How Good is Your Wikipedia? Auditing Data Quality for Low-resource and Multilingual NLP
Kushal Tatariya, Artur Kulmizev, Wessel Poelman, Esther Ploeger, Marcel Bollmann, Johannes Bjerva, Jiaming Luo, Heather Lent, Miryam de Lhoneux
TL;DR
This work interrogates Wikipedia as a data source for multilingual NLP, showing that non-English Wikipedias often contain noise such as foreign scripts and bot-generated content. It introduces a two-stage filtering pipeline—primary filtering (script-based language filtering and deduplication) followed by corpus-driven heuristic filters—and demonstrates that pruning bad data can preserve or improve downstream performance, especially for low-resource languages. Through monolingual, language-adaptation, and multilingual pretraining experiments, the paper reveals that data quality effects are language- and task-specific, with gains most pronounced in resource-constrained settings. The findings advocate for language- and domain-specific data quality definitions and provide actionable guidelines and code to help practitioners use Wikipedia more efficiently for pretraining and evaluation in multilingual NLP.
Abstract
Wikipedia's perceived high quality and broad language coverage have established it as a fundamental resource in multilingual NLP. In the context of low-resource languages, however, these quality assumptions are increasingly being scrutinised.

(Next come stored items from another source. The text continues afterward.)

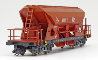 | nákladní samovýsypný vůz červenohnědý s černým rámem, s klapkami „NHKG Ostrava-Kunčice“ |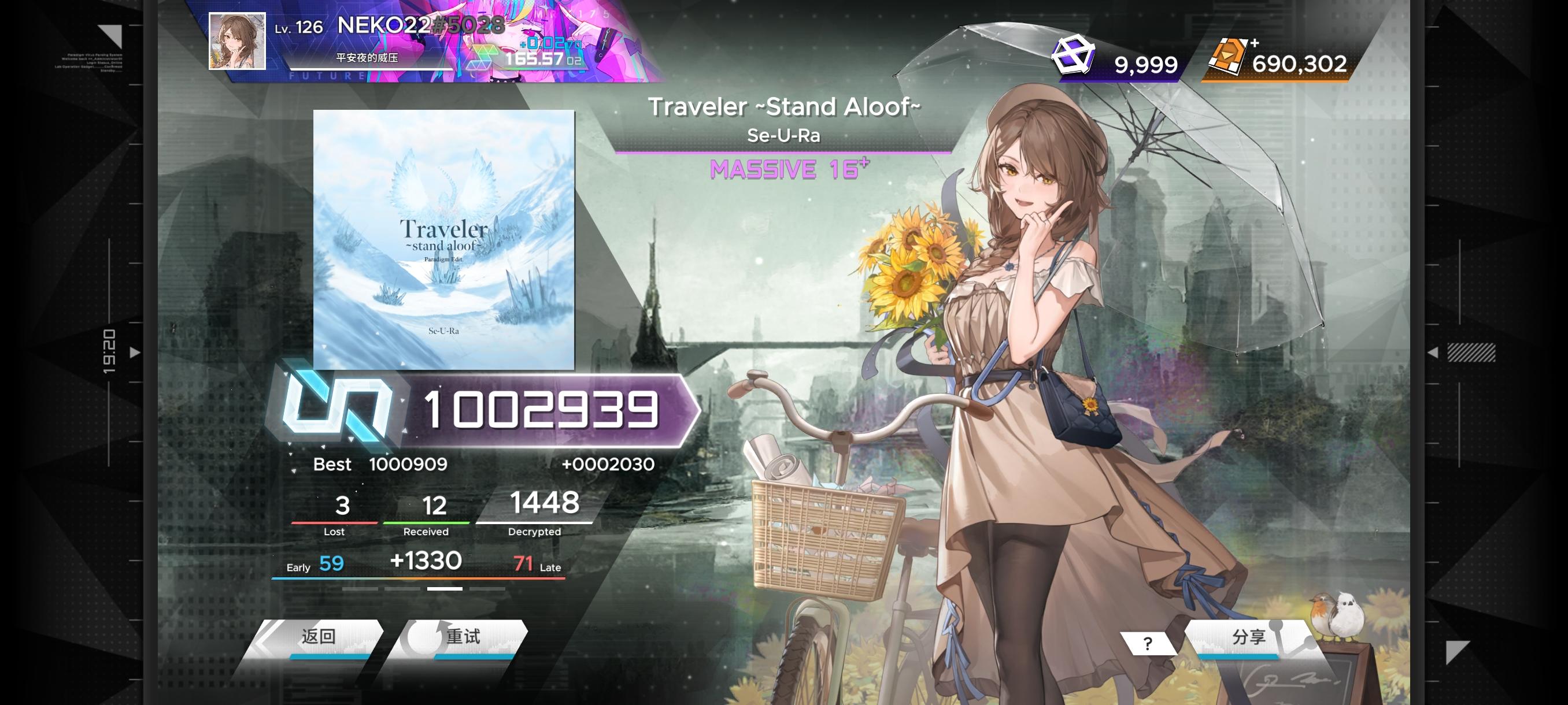 原本没想推石莲,结果10段最后一个歌是石莲,剩五滴血硬是打到54 差点鸟 ,很生气 于是就撞大运推了个鸟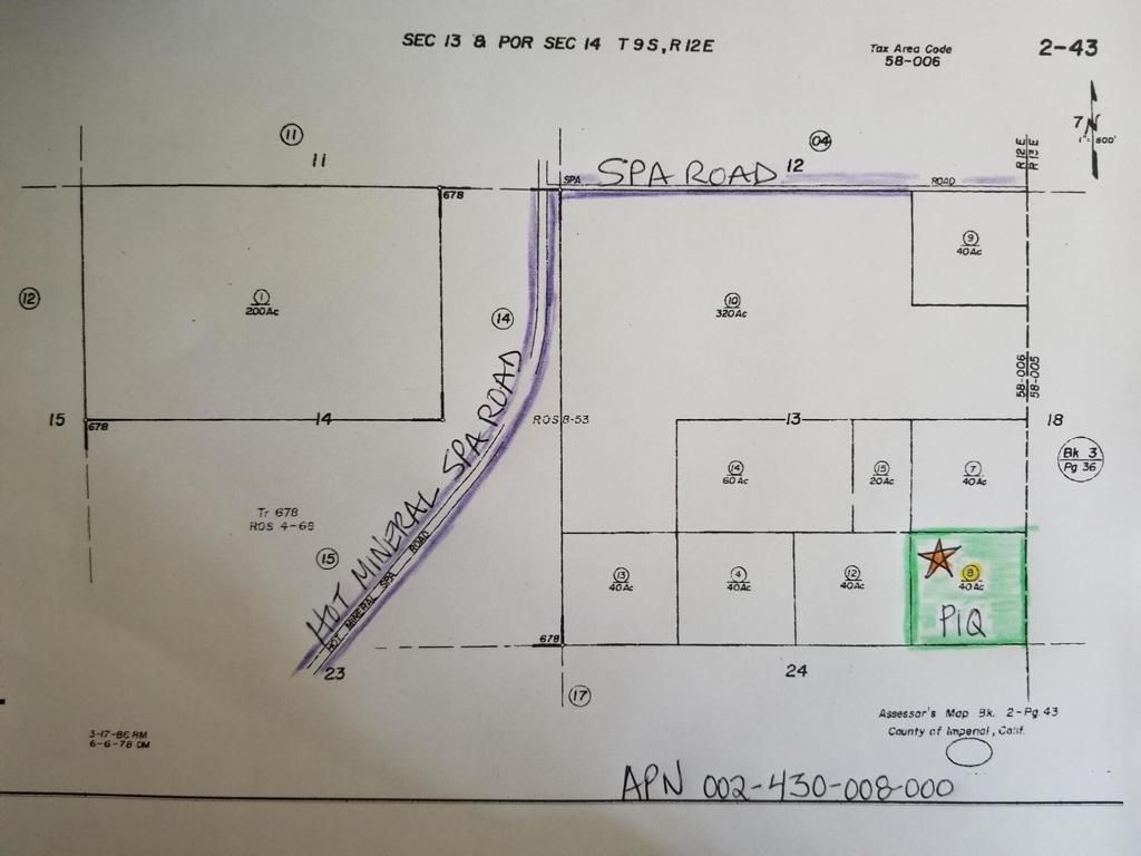 Niland, Ca. Just NE of Bombay Beach. 40 acres More or Less located SE'ly of Hot Mineral Spa Rd & Spa Rd near the fountain of youth spa N of Hwy 111. Zoned S-1-RE. which allowes for many potential uses including Renewable Energy. You own the Land, No HOA's. Surrounded by Hot Mineral Spa's local in the area as well as very popular neighboring town of Bombay beach just minutes away. Perfect for the investor buld your farm, winter getaway or family compound. Lat: 33.85097 Long: -115.66695 APN 002-430-008-000 IMPERIAL COUNTY.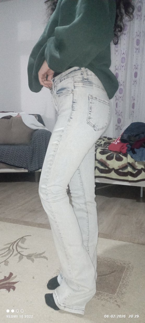 dar kesim geniş paça kot pantolon. Günlük kullanıma uygun rahat ve şık bir sokak stili parçası.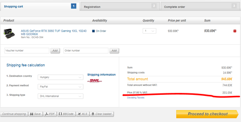 Lehet, hogy naiv kerdes, de ezekrol a nemet oldalakrol rendelt kartyakat meg vamoljak es afat is kell fizetni utanuk, igaz? Tehat mire ide er, addigra egy ~890 euros asus tuf-bol szinten a magyart arakhoz hasonlo aru termek lesz, nem?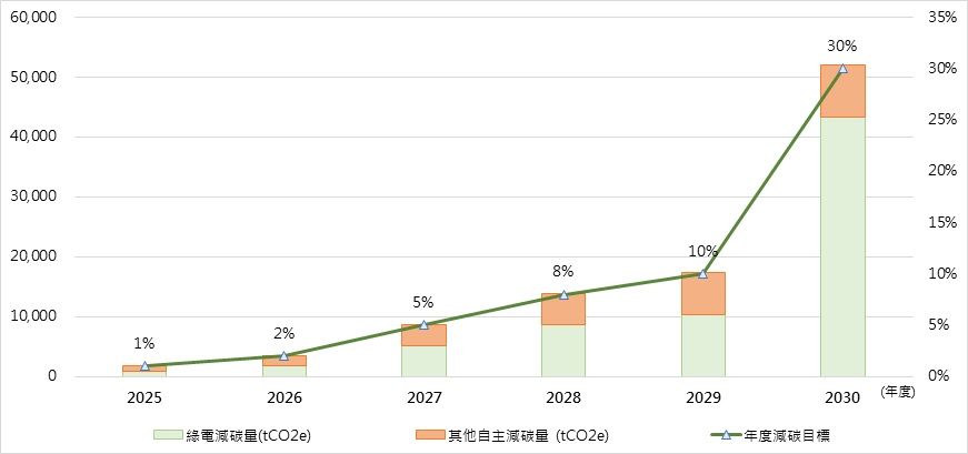 氣候變遷已是全球須共同面對的議題,對於台光電子而言,在產量持續增加的情況下,更應致力於精進減碳相關作為。本公司配合持續增長的產能、合理的減碳規劃、PCB業界趨勢,以及地區與國際規範等因子,已設定以2023年為基準年,於2030年達成減碳30%,2050年依政府及國際規範達成淨零碳排。同前述減碳目標,同步設定以2023年為基準年,於2030年時綠電減碳應達25%。由此推估,屆時綠電使用約當47%。惟因擴廠及產能提升計畫持續推進中,故現階段減碳目標之設定暫不含新設產線及美國和馬來西亞廠區。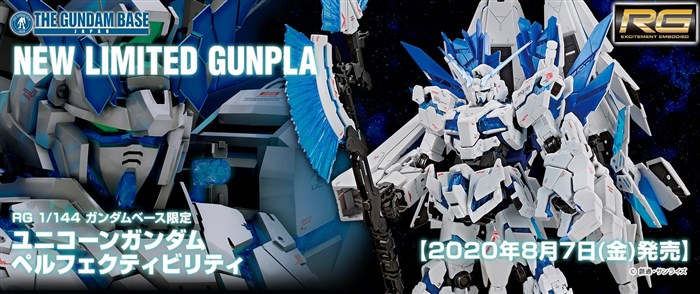 高达模型综合设施“THE GUNDAM BASE(高达基地)”于今天8月7日(五),发售高达基地限定高达模型“RG 独角兽高达 PERFECTIBILITY”和“哈啰模型 机动哈啰〔高达基地配色〕”。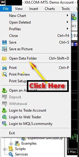 Now, copy the .mq5 file of your trading robot to the appropriate folder in the MT5 data directory. To do this, open MT5, go to “File,” then “Open Data Folder.” Navigate to MQL5/Experts and paste your robot file there. Restart MT5 to ensure the robot is recognized.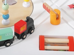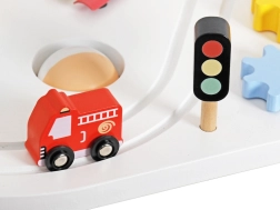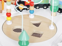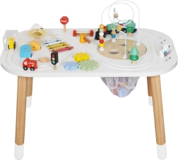 Dřevěný multifunkční stůl pro děti kombinuje vzdělávací a vývojové funkce. Je navržen tak, aby podpořil manuální dovednosti, koordinaci rukou a očí a kreativitu. Hračka umožňuje dětem prozkoumávat zvuky a rozvíjet hudební schopnosti díky xylofonu, stejně jako probouzet jejich fantazii a logické myšlení během hry s integrovanou autodráhou.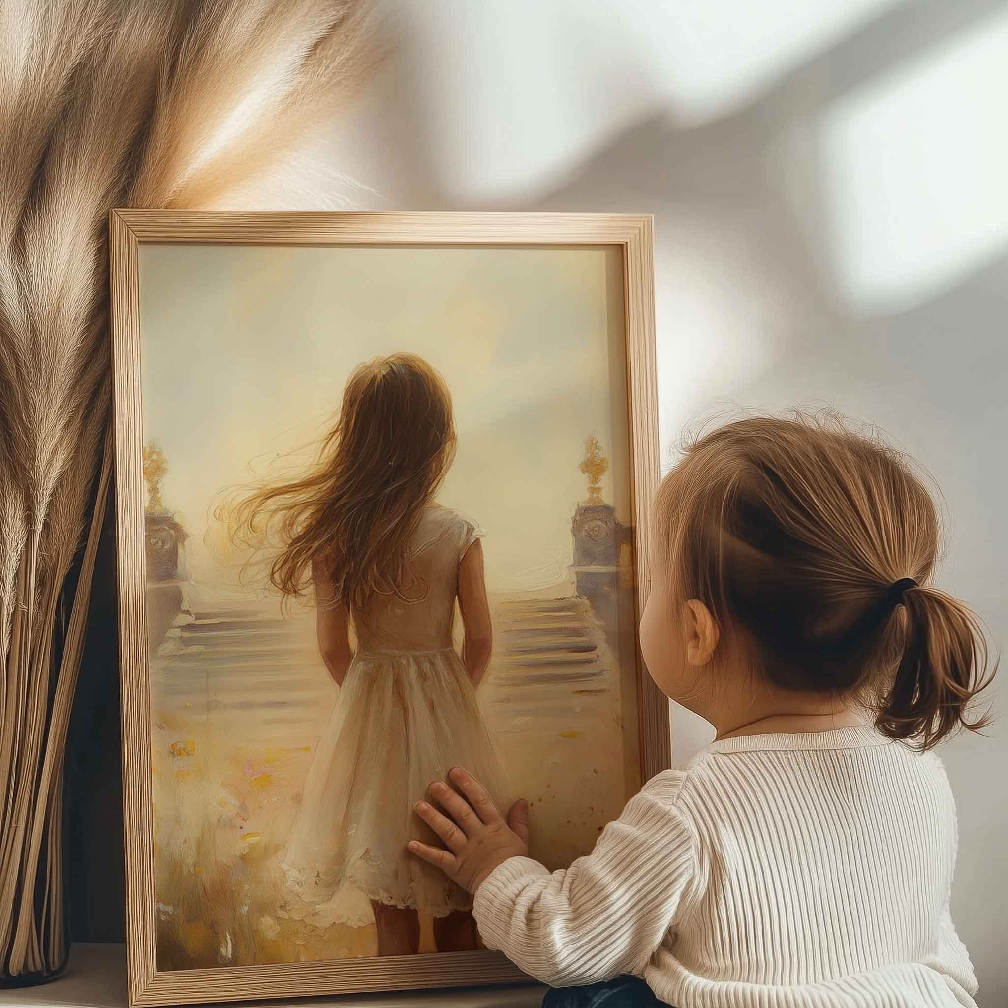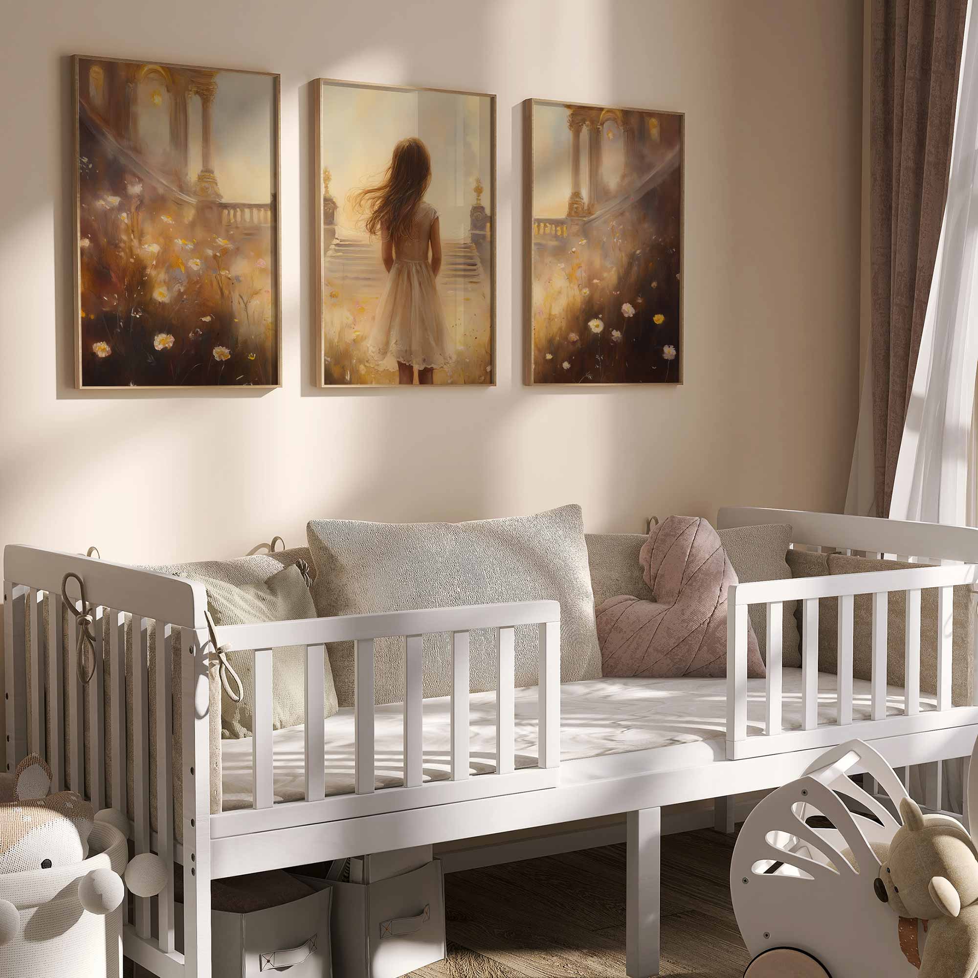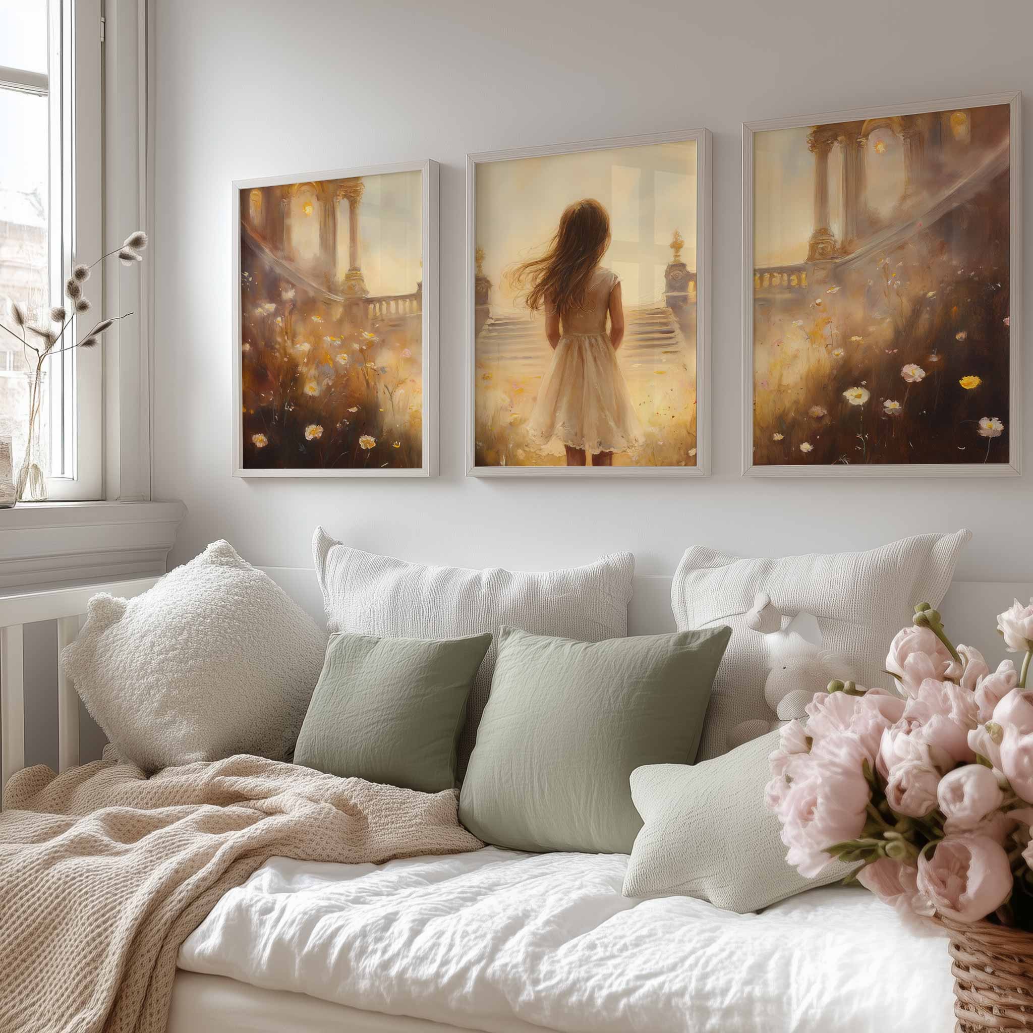 Magisch Meisje in Bloemenveld met Gouden Kasteel

This paper critically examines the data quality of Wikipedia in a non-English setting by subjecting it to various quality filtering techniques, revealing widespread issues such as a high percentage of one-line articles and duplicate articles. We evaluate the downstream impact of quality filtering on Wikipedia and find that data quality pruning is an effective means for resource-efficient training without hurting performance, especially for low-resource languages. Moreover, we advocate for a shift in perspective from seeking a general definition of data quality towards a more language- and task-specific one. Ultimately, we aim for this study to serve as a guide to using Wikipedia for pretraining in a multilingual setting.